On April 9, Bellarmine welcomed to campus family and friends who wished to pray at the funeral vigil for Fr. Jerry Chapdelaine, S.J. A few people were asked to speak. Here is one of those tributes.

My name is Jeanne Dressel Hanigan, a 1984 alum and teacher here for the last 33 years. While I will share a timeline about my family, the sequence of events is really about someone near and dear to everyone in this gym.
There is an expression that has been bantered about quite often on social media. It’s called Main Character energy. As an English teacher, I would refer to that person as the protagonist. In my life and probably yours, Fr. Jerry exuded that main character, or protagonist, energy.

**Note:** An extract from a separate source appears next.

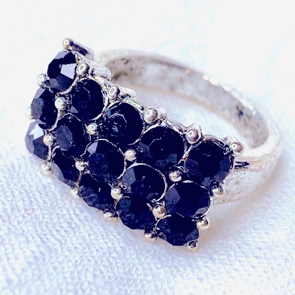 Jewelry - ❣️$25/3❣️ Black Rhinestones Silver Plated Ring

It is an honor to be here reflecting on how Fr.Jerry impacted my life and my family’s. I would imagine my story is similar to many of yours. It is a story about love- the love we had for FJ and the love he had for our family, your families, and YOU! You are loved.
I started teaching here in 1992. Jerry had been here for a few years prior, and knew my younger sister Lynn who graduated in 1989. He coached my younger brother Dan who graduated in 1994. He even counseled my mother, Celia, when she had simple struggles with those particular siblings.

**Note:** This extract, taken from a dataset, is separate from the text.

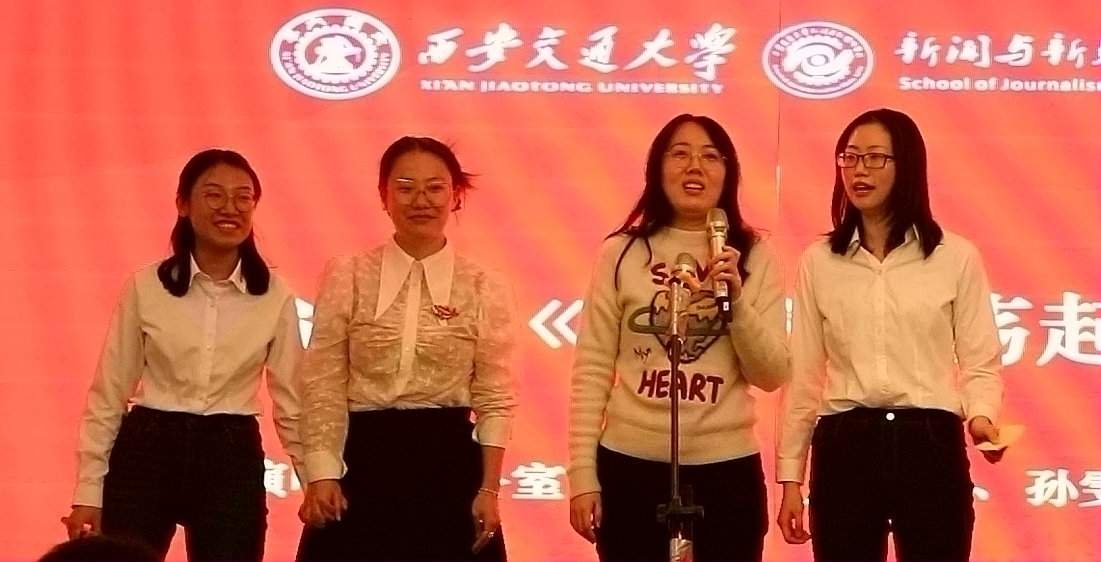 随之而来的是学院办公室马樱支、卢静怡、孙雯、孙艳婷老师带来的小合唱《让我们荡起双桨》,一首耳熟能详的童年歌曲引得大家纷纷跟唱,频频互动。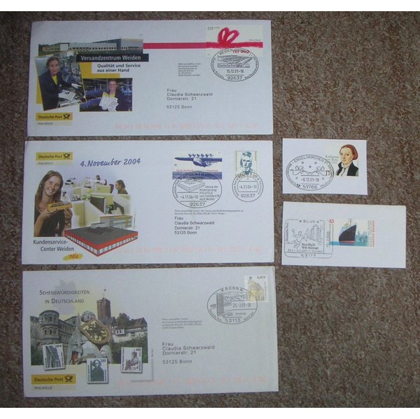 Stempelthemen: Engelskirchen Weihnachtsaktion 2001, Handball WM Männer 2005 in Tunesien, Posttower - Deutsche Post Zentrale, Umzug Niederlassung Philatelie von Frankfurt nach Weiden, Neues Versandzentrum Philatelie Weiden

But my story began with Jerry in 1992. All the students here loved him, and we colleagues did as well, even when he didn’t actually follow our sub plans. In 1994, a 1982 alum named Jim Hanigan and I became engaged, and we knew immediately that we wanted Fr. J as our celebrant as he was the one who led us through premarital counseling. Unfortunately the date we picked was one that did not fit with FJ’s busy schedule, so we had Fr. Dan Weber as our backup. Imagine having the president of the school as your backup!
But everything worked out, because FJ moved around some things and was able to attend our wedding as well. So, we had two concelebrants. On July 13, 1996, after Fr. Weber spoke, he asked if Fr. J wanted to say a few words. FJ did not hide his irritation about being second in command, and then he proceeded to tell the crowd about our premarital counseling. “There were tears,” he shared, and it was my turn to be mortified.
But this scenario captured our family’s relationship with Jerry. He showed up for us and for many of our sacraments. He baptized both our sons, Joshua and Jacob, in the tiny chapel over in Orton Hall. He even baptized my brother Dennis’s daughters there as well. He blessed Jim and me as we renewed our vows at 10 years. He also blessed Jim’s brother, Tom, class of 1985, as he prepared for another military deployment. He anointed my fellow coworkers and me when we all had breast cancer. He would have anointed Irvin, my father, before he died, but it was five years ago during Covid. We had to protect Jerry and the Jesuits at all costs! He presided over both of Jim’s parents’ funerals in the St. Aloysius Chapel. Fr. J even came over for dinner and blessed our first house and then our subsequent one. It amazed me how he could go from talking football with our family to praying over our homes and our lives with such intense faith. But that was FJ, who heard our family members’ confessions often on Encounters and at Reconciliation masses, and even in the hallway. Fr. J showed up for us – all of us- and we collectively here today showed up for him.
FJ was indeed an honorary member of our family. Your name had to start with J to join Jim, Jeanne, Josh, and Jacob, so the default to J instead of his actual G worked well for us.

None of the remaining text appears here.